Run model inference.

This is a generic pipeline step for any type of model inference. This step always runs the model on the images of the collection's leaf nodes.

Example YAML:

- step: Inference
  settings:
    model: DiT
    model_settings:
      model: ...

Source code in src/htrflow/pipeline/steps.py

def __init__(self, model_class, model_kwargs, generation_kwargs):
    self.model_class = model_class
    self.model_kwargs = model_kwargs
    self.generation_kwargs = generation_kwargs
    self.model = None

`Segmentation` ¶

Bases: Inference

Run a segmentation model.

See Segmentation models for available models.

Example YAML:

- step: Segmentation
  settings:
    model: yolo
    model_settings:
      model: Riksarkivet/yolov9-regions-1

Source code in src/htrflow/pipeline/steps.py

def __init__(self, model_class, model_kwargs, generation_kwargs):
    self.model_class = model_class
    self.model_kwargs = model_kwargs
    self.generation_kwargs = generation_kwargs
    self.model = None

`TextRecognition` ¶

Bases: Inference

Run a text recognition model.

See Text recognition models for available models.

Example YAML:

- step: TextRecognition
  settings:
    model: TrOCR
    model_settings:
      model: Riksarkivet/trocr-base-handwritten-hist-swe-2

Source code in src/htrflow/pipeline/steps.py

def __init__(self, model_class, model_kwargs, generation_kwargs):
    self.model_class = model_class
    self.model_kwargs = model_kwargs
    self.generation_kwargs = generation_kwargs
    self.model = None

Post-processing steps¶

`Prune` ¶

Bases: PipelineStep

Remove nodes based on a given condition.

This is a generic pruning (filtering) step which removes nodes (segments, lines, words) based on the given condition. The condition is a function f such that f(node) == True if node should be removed from the tree. This step runs f on all nodes, at all segmentation levels. See the RemoveLowTextConfidence[Lines|Regions|Pages] steps for examples of how to formulate condition.

Parameters:

Name	Type	Description	Default
`condition`	`Callable[[Node], bool]`	A function `f` such that `f(node) == True` if `node` should be removed from the document tree.	required

Source code in src/htrflow/pipeline/steps.py

def __init__(self, condition: Callable[[Node], bool]):
    """
    Arguments:
        condition: A function `f` such that `f(node) == True` if
            `node` should be removed from the document tree.
    """
    self.condition = condition

`RemoveLowTextConfidencePages` ¶

Bases: Prune

Remove all pages where the average text confidence score is below threshold.

Example YAML:

- step: RemoveLowTextConfidencePages
  settings:
    threshold: 0.8

Parameters:

Name	Type	Description	Default
`threshold`	`float`	Confidence score threshold.	required

Source code in src/htrflow/pipeline/steps.py

def __init__(self, threshold: float):
    """
    Arguments:
        threshold: Confidence score threshold.
    """
    super().__init__(
        lambda node: node.parent and node.parent.is_root() and metrics.average_text_confidence(node) < threshold
    )

`RemoveLowTextConfidenceRegions` ¶

Bases: Prune

Remove all regions where the average text confidence score is below threshold.

Example YAML:

- step: RemoveLowTextConfidenceRegions
  settings:
    threshold: 0.8

Parameters:

Name	Type	Description	Default
`threshold`	`float`	Confidence score threshold.	required

Source code in src/htrflow/pipeline/steps.py

def __init__(self, threshold: float):
    """
    Arguments:
        threshold: Confidence score threshold.
    """
    super().__init__(lambda node: node.is_region() and metrics.average_text_confidence(node) < threshold)

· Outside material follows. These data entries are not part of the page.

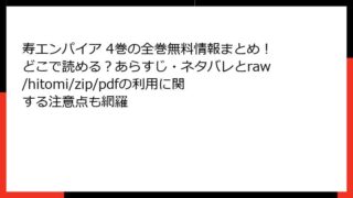 寿エンパイア 寿エンパイア 4巻の全巻無料情報まとめ!どこで読める?あらすじ・ネタバレとraw/hitomi/zip/pdfの利用に関する注意点も網羅 寿エンパイア 4巻 詳細あらすじ:若獅子杯決勝戦の熱きドラマと因縁の対決巻全体の概要と物語の位置づけ『寿エンパイア』4巻は、若手寿司職人たちの頂点を決める大会「若獅子杯」のクライマックスを完全に描いた一冊です。主人公・松田湧吾(まつだゆうご... 2026.03.31 寿エンパイア少年マンガ・コミック
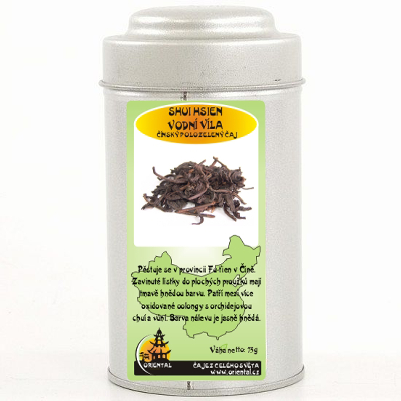 Shui Hsien- Water Fairy is an excellent Chinese semi-green tea (oolong) grown in the Fujian province of China. The leaves, wrapped in flat strips, are dark brown in colour. It is one of the more oxidized oolongs with an orchid-like flavour and aroma. The colour of the infusion is bright brown.
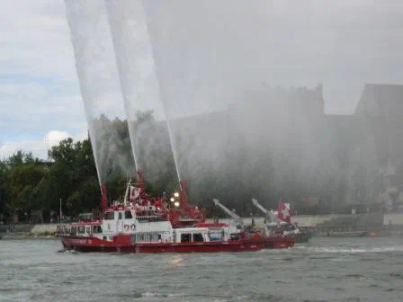 Zum Abschluss der Parade zeigte das Feuerwehrschiff der Basler Rheinhäfen, wie Wasserkraft auch definiert werden kann.
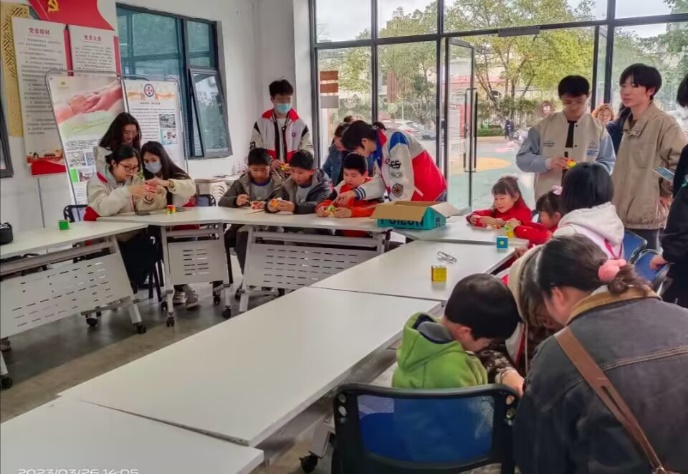 此次相遇虽短暂,此中真情终难消,我们结识了一个个对魔方充满热情的天真的小朋友,甚至一些小朋友的家长也加入了活动当中,看着他们将一个一个打乱的魔方复原,我们的自豪感油然而生,于我们而言,不得不说是一次美好的体验。
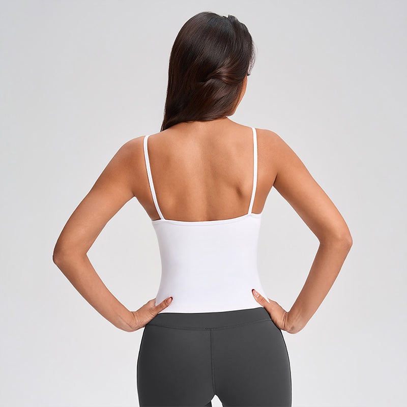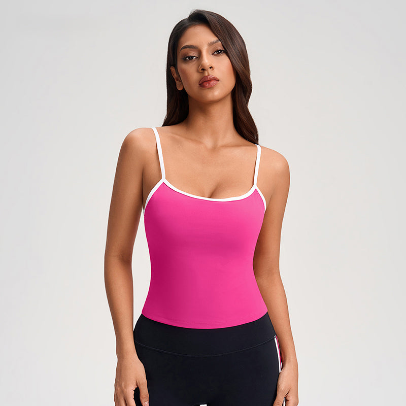 • Women's contrasting color strappy open-back tank top with Removable Pads Unique Design Points: • Straight from our production line to you. Enjoy factory-direct quality yoga wear. • Contrasting color, thin-strap, open-back design • Removable bra pads + U-shaped neckline
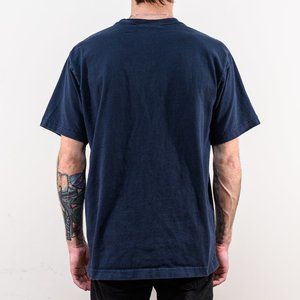 • navy blue w/ yellow and white print on front
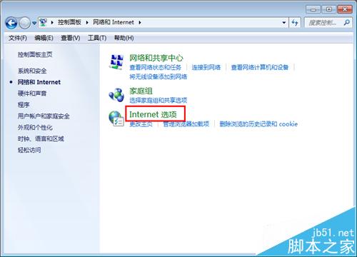 3、进入“网络和internet”页面,点击“internet选项”。
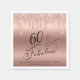 Chic 60th birthday party napkins featuring "60 & Fabulous" in an elegant calligraphy script, a rose gold background and rose gold faux glitter. Personalise with her name and the date of the party.

`RemoveLowTextConfidenceLines` ¶

Bases: Prune

Remove all lines with text confidence score below threshold.

Example YAML:

- step: RemoveLowTextConfidenceLines
  settings:
    threshold: 0.8

Parameters:

Name	Type	Description	Default
`threshold`	`float`	Confidence score threshold.	required

Source code in src/htrflow/pipeline/steps.py

def __init__(self, threshold: float):
    """
    Arguments:
        threshold: Confidence score threshold.
    """
    super().__init__(lambda node: node.is_line() and metrics.line_text_confidence(node) < threshold)

`ReadingOrderMarginalia` ¶

Bases: PipelineStep

Order regions and lines by reading order.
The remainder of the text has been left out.